Sengketa Lahan Megamendung, PTPN Bisa Gugat Perdata Habib Rizieq Shihab
loading...
A
A
A
JAKARTA - PT Perkebunan Nusantara (PTPN) VIII bisa menggugat perdata Habib Rizieq Shihab terkait dugaan penggunaan lahan tanpa izin di Kecamatan Megamendung, Kabupaten Bogor. Sejauh ini, langkah hukum yang sudah diambil PTPN VIII adalah melaporkan Rizieq ke Bareskrim Mabes Polri .
Pengamat hukum sumber daya alam Universitas Tarumanagara Ahmad Redi berpendapat PTPN bisa menuntut Rizieq secara perdata sesuai Pasal 1365 Kitab Undang-Undang Hukum Perdata. "Sangat bisa, selama memang ada kerugian yang diterima pihak tertentu, dalam hal ini PTPN," kata Redi kepada wartawan, Sabtu (20/2/2021).
(Baca: Habib Bahar Kirim Surat: Darahku Mendidih Mendengar Habib Rizieq Ditahan)
Pasal 1365 KUH Perdata menyebutkan bahwa setiap perbuatan melawan hukum yang membawa kerugian kepada orang lain, mewajibkan orang karena salahnya menerbitkan kerugian itu, mengganti kerugian tersebut. Redi menilai gugatan perdata tidak akan mengganggu proses hukum pidana. "Keduanya bisa jalan bersamaan," ujar Redi.

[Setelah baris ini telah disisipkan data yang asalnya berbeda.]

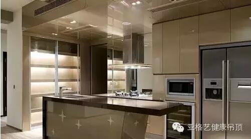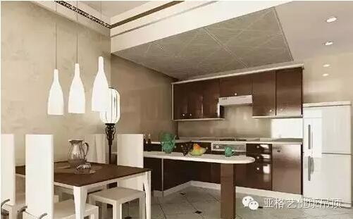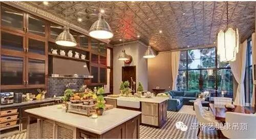 首先我们要承认大多数中国人的饮食习惯是,吃菜吃煎炒烹炸的,调料放酸甜苦辣的,不像西方人士以冷餐、煮餐、烤餐为主,那么厨房油烟问题将是个无法逾越的鸿沟,不管你家的吸油烟设备有多厉害也不可以百分之一百的避免。因此开放式厨房最好不要用石膏吊顶,不然一旦沾染了灰尘,油渍就很难再擦洗干净了。而且厨房顶部的温差变化大,很容易导致石膏顶的老化,从而发生脱落的危险。所以亚格艺小编一定要强调最好放弃使用石膏顶的念头。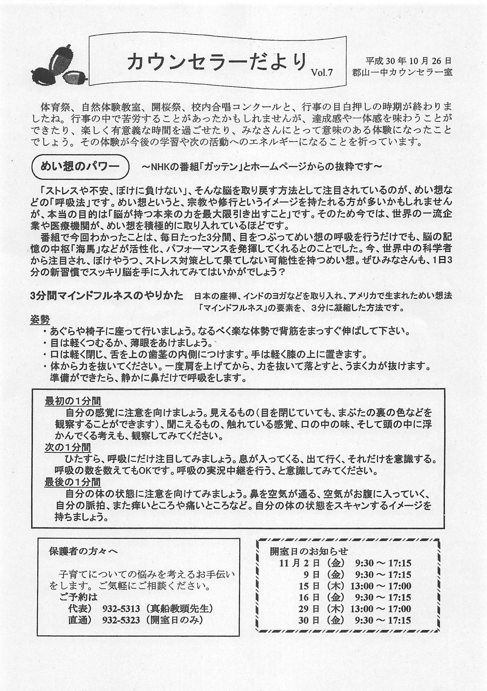 カウンセラーだよりVol.7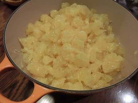 この後、皮は何度か茹でこぼし、実は煮詰めていくそうです。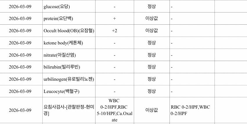 이러한 일시적 변화는 탈수, 운동, 스트레스, 미세한 요로 자극 등에서도 발생할 수 있으며, 젊은 연령에서는 기립성 단백뇨처럼 아침 소변에서만 단백이 검출되는 경우도 드물지 않습니다. 재검에서 완전히 정상이고 특별한 증상이 없다면 임상적으로 의미 있는 신장 질환 가능성은 낮은 편으로 판단합니다.
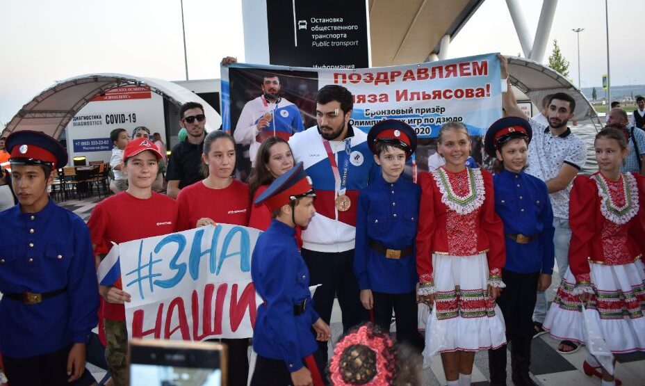 Военный оркестр, казачьи пляски и турецкие музыканты: В ростовском аэропорту встретили бронзового призера Олимпиады по дзюдо Нияза Ильясова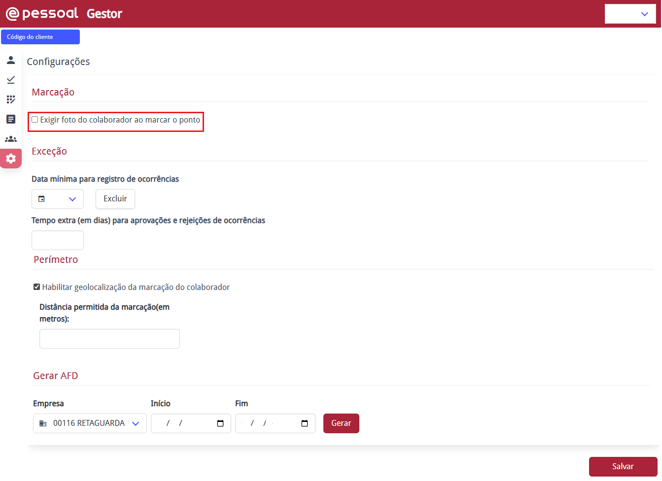 - Exigir foto do colaborador ao marcar o ponto. Ao marcar essa opção, o funcionário deverá tirar a sua foto no momento do registro do ponto;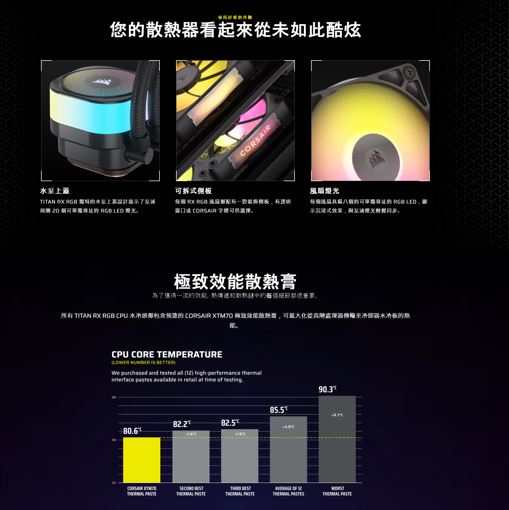 CORSAIR iCUE LINK TITAN RX RGB 以最佳化的熱性能、簡化的 iCUE LINK 連接能力和動態 RGB 燈光,提供高效能、超安靜的散熱效果。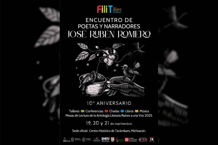 NOTICIAS 19/09/2025Tacámbaro celebra 10 años del Encuentro de Poetas y Narradores "José Rubén Romero"La Secretaría de Cultura de Michoacán (Secum) invita a disfrutar del Encuentro de Poetas y Narradores "José Rubén Romero", que celebra su décima edición del 19 al 21 de septiembre en el corazón de Tacámbaro, con actividades presenciales y virtuales abiertas a todo público.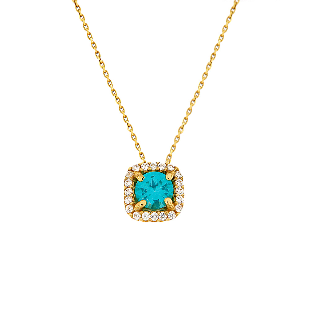 Χρυσό κολιέ Κ14 με τετράγωνη ροζέτα με γαλαζοπράσινη πέτρα και λευκά ζιργκόν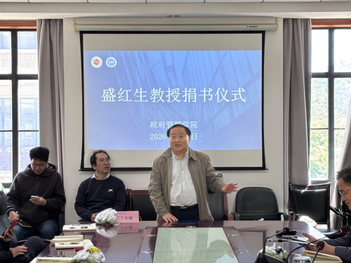 会上举行了盛红生教授捐书仪式。盛红生向学院天马图书馆捐赠了整套《读书》杂志及书籍,共计三百余本。盛红生深情回顾了与政府管理学院的深厚情缘。汪伟民感谢盛红生的慷慨赠书并为其颁发了荣誉证书,他勉励青年教师要学习盛教授严谨的治学精神和诲人不倦的育人品格。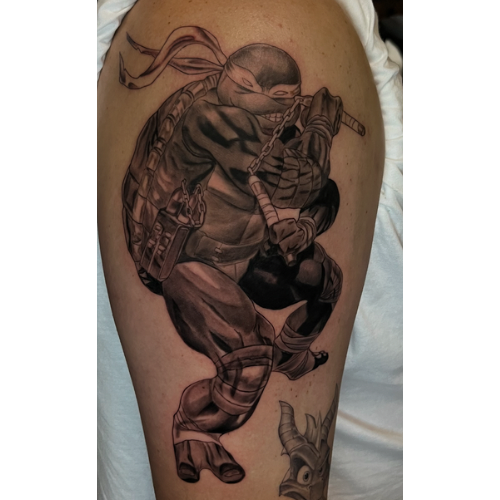 Nolan is a versatile tattoo artist with over eleven years of experience. He specializes in a wide range of styles, including anime, American traditional, neo-traditional, and black and grey realism. His expertise also extends to blackout/blackwork, pepper shading, and dotwork, showcasing his adaptability and artistic range.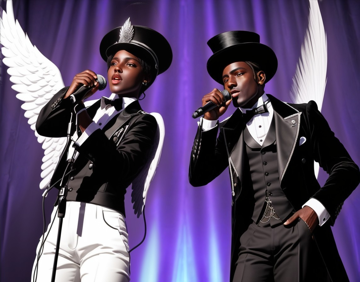 The Archangel Gabriel and Baron Samedi sing a duet against the purple backdrop of the celestial realms.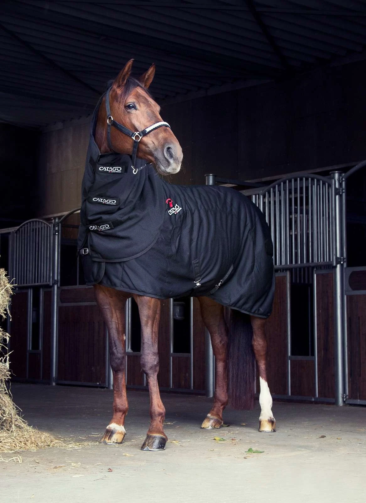 The neck has ceramic particles which increase the blood circulation in the horses neck muscles. The neck;piece is opened with velcro, and is mounted onto the rug with a snap hook in an elastic strap.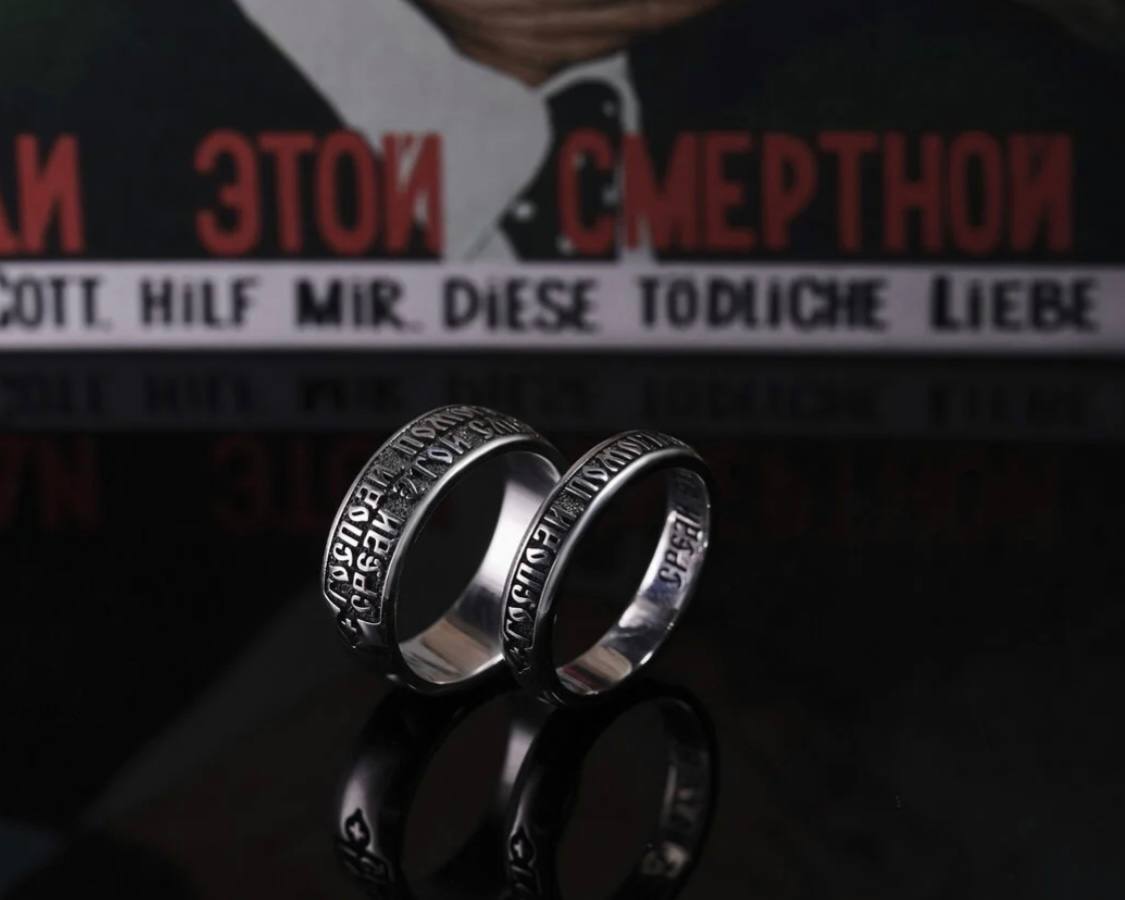 Кольцо стилизованное под церковное “спаси и сохрани”, но с текстом “Господи, помоги мне выжить среди всей этой смертной любви”. Вдохновлено граффити, нанесенным на берлинской стене, изображающим поцелуй Леонида Брежнева и руководителя ГДР Эриха Хонеккера.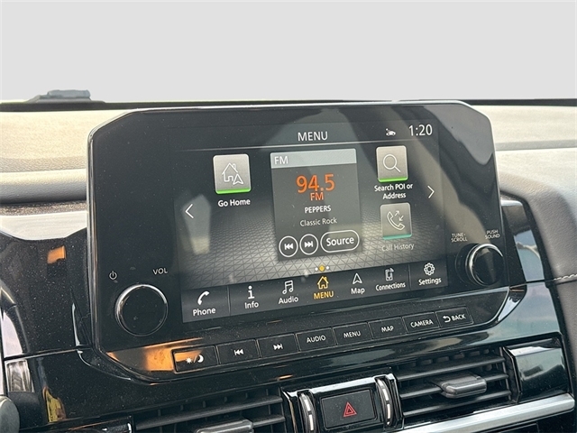 18`` Machined Alloy Wheels, 20`` Alloy Wheels, 2nd-Row Captain Chairs, 2nd-Row Removable Center Console, 3rd row seats: bench, 4-Wheel Disc Brakes, 6 Speakers, ABS brakes, Air Conditioning, Alloy wheels, AM/FM radio: SiriusXM, Auto High-beam Headlights, Auto-dimming Rear-View mirror, Automatic temperature control, Axle Ratio: TBD, Black Splash Guards (Set of 4), Bose Premium Audio System, Brake assist, Bumpers: body-color, Captain`s Chairs Carpeted Floor Mats (Set of 4), Cross Bars, Delay-off headlights, Driver door bin, Driver vanity mirror, Dual front impact airbags, Dual front side impact airbags, Electronic Stability Control, Emergency communication system: NissanConnect Services, Exterior Parking Camera Rear, Four wheel independent suspension, Front anti-roll bar, Front Bucket Seats, Front Center Armrest, Front dual zone A/C, Front fog lights, Front reading lights, Fully automatic headlights, Garage door transmitter: HomeLink, Heated door mirrors, Heated Front Bucket Seats, Heated front seats, Heated Rear Seats, Heated steering wheel, Illuminated entry, Knee airbag, Leather Seating Surfaces, Leather steering wheel, Low tire pressure warning, Navigation system: NissanConnect Navigation, NissanConnect w/Navigation & Services, Occupant sensing airbag, Outside temperature display, Overhead airbag, Overhead console, Panic alarm, Panoramic Moonroof, Passenger door bin, Passenger vanity mirror, Power door mirrors, Power driver seat, Power Liftgate, Power passenger seat, Power steering, Power windows, Radio data system, Radio: AM/FM Audio System, Rear air conditioning, Rear anti-roll bar, Rear reading lights, Rear seat center armrest, Rear side impact airbag, Rear window defroster, Rear window wiper, Reclining 3rd row seat, Remote keyless entry, Security system, SL Premium Package, Speed control, Speed-sensing steering, Split folding rear seat, Spoiler, Steering wheel mounted audio controls, Tachometer, Telescoping steering wheel, Tilt steering wheel, Tow Hitch Receiver & Harness, Traction control, Trip computer, Turn signal indicator mirrors, Variably intermittent wipers, Wireless Charging Pad. Recent Arrival!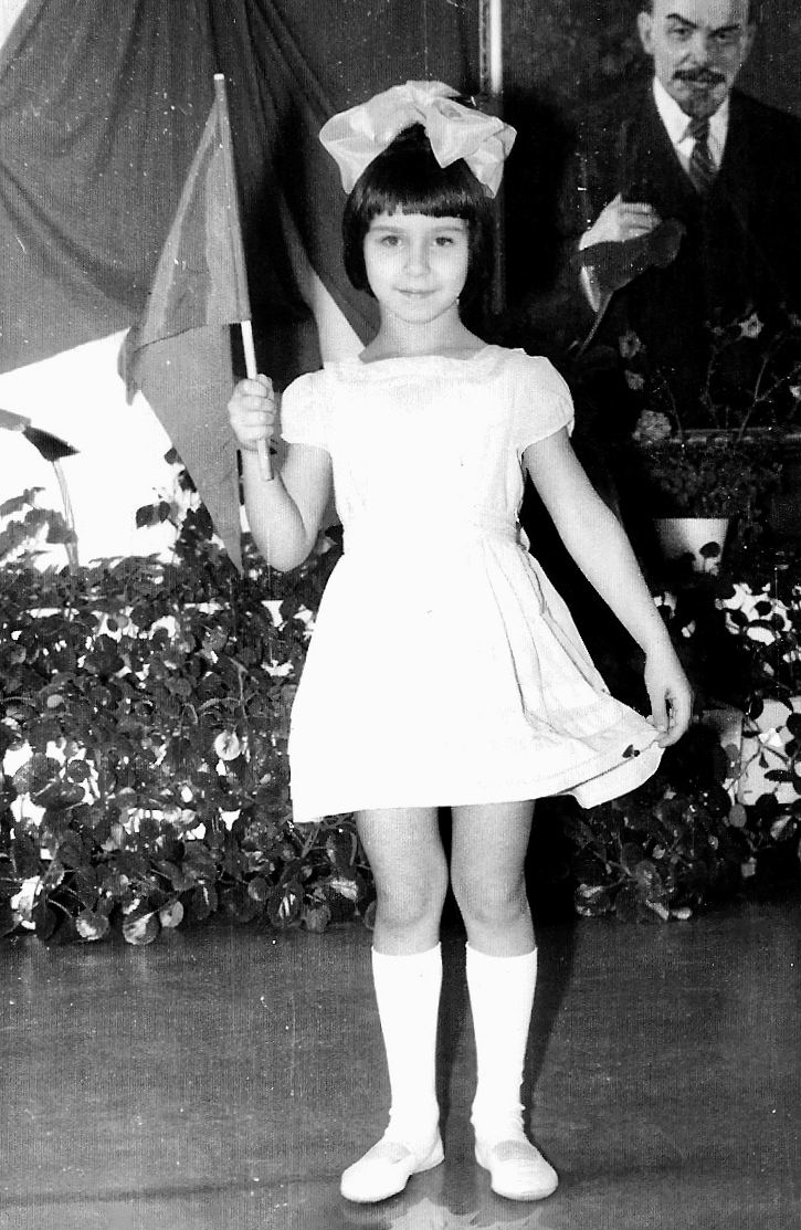 Oksana at age 6 and the then omnipresent Vladimir Ilyich Lenin, who “lived forever” on the wall of every Pre-K, school, university, and in any professional working environment, constantly watching over his communist flock.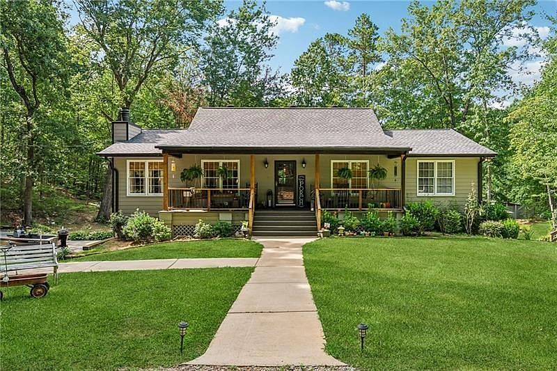 Don't miss out on this beautifully done raised ranch that has been so loved by one owner. It's time for this 6.43 acres to be home to a new family that will love it as much as the Seller's family has! The 3 bedroom, 2 bath home sits on a daylight unfinished basement so there is room to grow if you need additional bedrooms or flex space. The first thing you'll see upon entering is the large stately great room with floor to ceiling wooden bookshelves flanking a gorgeous stone fireplace. Find the floorplan in the images and you can see the separate dining room just off the great room so you can enjoy the fireplace while you have dinner. An eat in, country kitchen connects to the dinning room and also leads out to the expansive multi-tier deck that overlooks the absolute DREAM of a backyard complete with a pond, dock, stalled building, garden and an adorable outbuilding that can be a playhouse for the kids or space for your chickens. The Seller once had horses here so plenty of room for that if your horses need a home too. The 2 car garage is currently open to the basement so if you have boats, jet skis, etc you would have space to pull them in and still have room for your vehicle. Being just a short trek to Allatoona lake who wants to pay extra to store when you have this space already?? If you begin at the road you'll notice two graveled entrances to the property that connect via a wrap around drive. Pulling boats, campers, etc are a breeze with the in and out drive. Each of the driveways serves the one home but if a second homesite is in the plan you can utilize the second drive and road frontage to build another home , barn, etc. Currently the property is using public water but was once on a well so the possibility remains for the next owner to have a well. Can't beat the location with an approximate 10 miles west to I-75 and 10 miles east to I-575. Shopping close in both Canton and Cartersville with easy access to boat ramps and campgrounds on Allatoona Lake. The up and coming City of Emerson is a few exits away and you can be at a Braves game in close to 30 minutes. Come see this property where suburbia meets the country!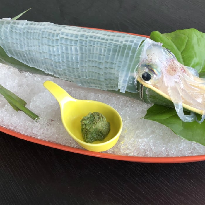 いけすからあげたいかを職人が一杯一杯丁寧に活き造りに仕上げ、そのまま-60℃で急速冷凍しているので、解凍後も鮮度が高く、甘味、旨味が絶品です。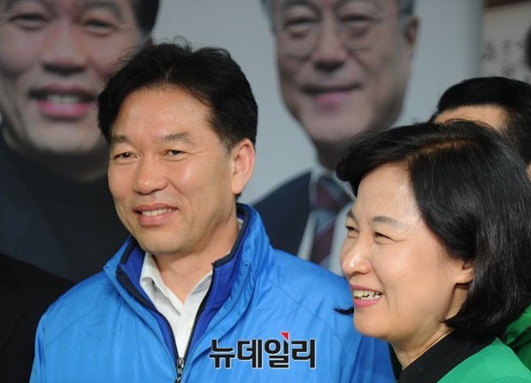 새정치연합 추미애 최고위원이 31일 서울 관악구 신림동에 위치한 정태호 후보 선거사무소를 찾아 격려와 함께 정동영 위원장에 대응할 방도를 논의했다.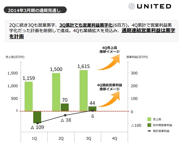 ユナイテッド<2497>は2月4日、2014年3月期第3四半期(2013年4~12月)の連結決算を発表した。売上高は前年同期比55%増の43.39億円、営業利益は600万円の黒字(前年同期は5200万円の赤字)、経常利益は1800万円の黒字(同3900万円の赤字)、四半期純利益は2100万円の赤字(同2.12億円の赤字)だった。スマートフォン向けアプリ『CocoPPa(ココッパ)』などメディア事業が順調に立ち上がったほか、広告事業も好調だった。メディア事業の売上高は21.8億円(前年同期は1400万円)と急速に成長し、利益は1.43億円の黒字(同6700万円の赤字)に浮上した。『CocoPPa』のダウンロード数は2014年1月26日に全世界で2000万を突破。新たな収益手段として課金コンテンツ販売やタイアップ広告の取り扱い、NTTドコモの提供する月額サービス「スゴ得コンテンツ」への提供を始めた。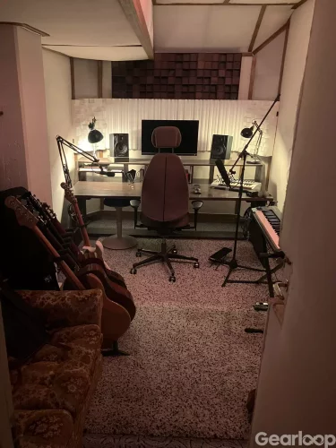 Focusrite Clarett 8PreX, Yamaha HS7:or, LaunchKey 49 Mk4, Keystation 61, WA87 och SM7B och många fler mickar, flera akustiska och elgitarrer, platsbyggda akustikpaneler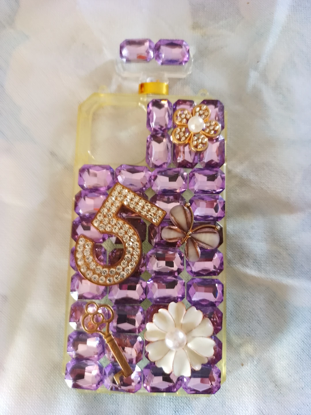 Selling a rhinestone iPhone case. It's in great condition and has a unique design with purple rhinestones, a gold number 5, and flower embellishments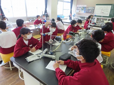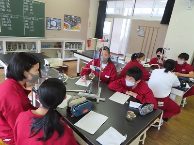 1D理科:「水を加熱したときの温度変化」を調べています。温度と水の状態に着目しながら、実験を進めていました。どんな発見があるのでしょうか。
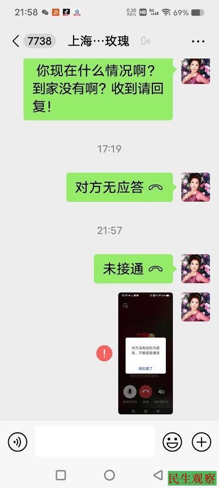 【民生观察2024年6月20日消息】近日,上海维权人士吴慧群前往北京国家信访局进行了上访登记,随即接到地方维稳人员的电话要求她返回上海,而吴慧群原定与朋友在北京的见面也无法成行,其朋友尝试多次联系她无果。截止今天,吴慧群已失去联系5天时间。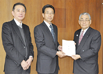 中井町田中・古怒田地区で砂利採取を行う5事業者で組織する協同組合西湘グラヴェル(伊藤義昭理事長)が、町へ50万円を寄付した。21日に副理事長らが町役場を訪れ、杉山祐一町長に手渡した。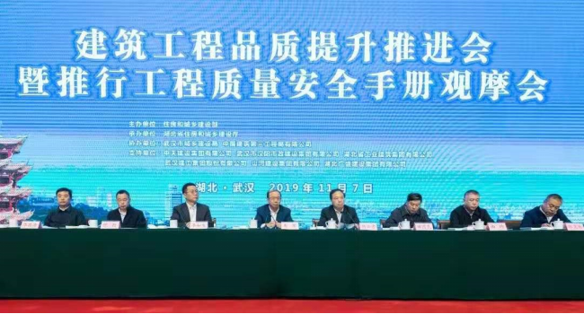 為深入開展工程質量安全提升行動,規范企業質量安全行為,落實企業主體責任,完善企業質量安全保障體系,提高人民群眾滿意度,推動建筑業高質量發展。2019年11月7日,全國建筑工程品質提升推進會暨推行《工程質量安全手冊》(以下簡稱:《手冊》)觀摩會如期在武漢中建工程管理有限公司(以下簡稱:中建管理公司)監理的中建鉑公館項目成功召開。來自住建部、全國各省、市、區150余名領導代表參加,住建部副部長易軍和湖北省副省長楊云彥,中建三局董事長陳華元等應邀出席。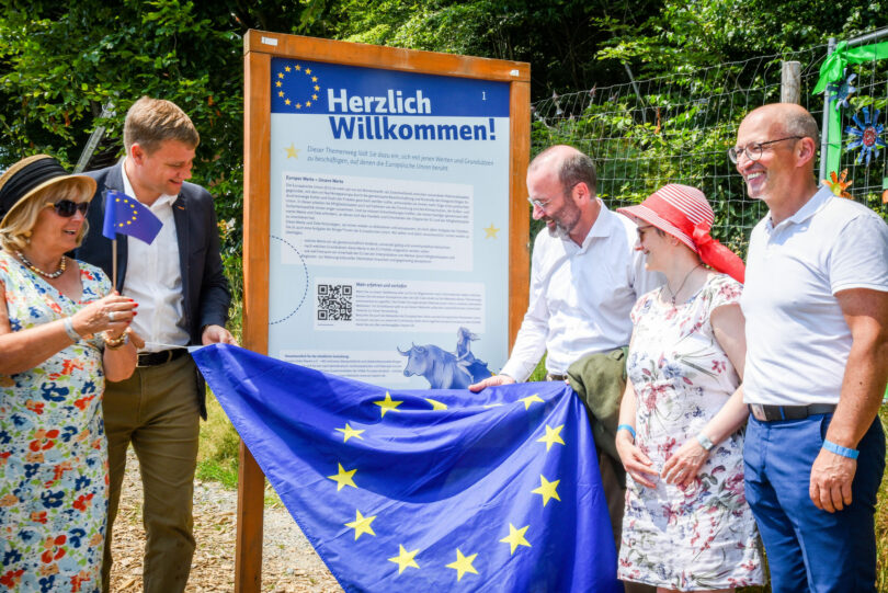 Der „Europas-Werte-Wanderweg“ ist eine Wanderausstellung im doppelten Sinn. Einerseits werden die acht Informationstafeln so aufgestellt, dass man sie bei einer kleinen Wanderung erkunden kann. Andererseits bleibt die Ausstellung, die von der Bürgerbewegung „Europa-Union Bayern“ konzipiert wurde, etwa vier Wochen an einem Ort und zieht dann weiter. Am Sonntagnachmittag wurde sie auf der Bayerischen Landesgartenschau eröffnet – und das von einem, der sich tagtäglich für Europas Werte einsetzt und politisch seit Jahren dafür kämpft: Manfred Weber, der Vorsitzende der europäischen Volkspartei (EVP) und zugleich ihr Fraktionsvorsitzender im Europaparlament.

Laporan polisi PTPN VIII yang teregister dengan nomor: LP/B/0041/I/2021/Bareskrim tertanggal 22 Januari 2021 mempersangkakan Habib Rizieq dengan Pasal 107 Undang-Undang Nomor 39/2014 tentang Tindak Pidana Kejahatan Perkebunan, Pasal 69 Undang-Undang Nomor 26 Tahun 2007 tentang Kejahatan Penataan Ruang, Pasal 167 KUHP tentang Memasuki Pekarangan Tanpa Izin, Pasal 385 KUHP tentang Penyerobotan Tanah dan Pasal 480 KUHP tentang Penadahan. Sampai saat ini Polri masih menangani laporan tersebut.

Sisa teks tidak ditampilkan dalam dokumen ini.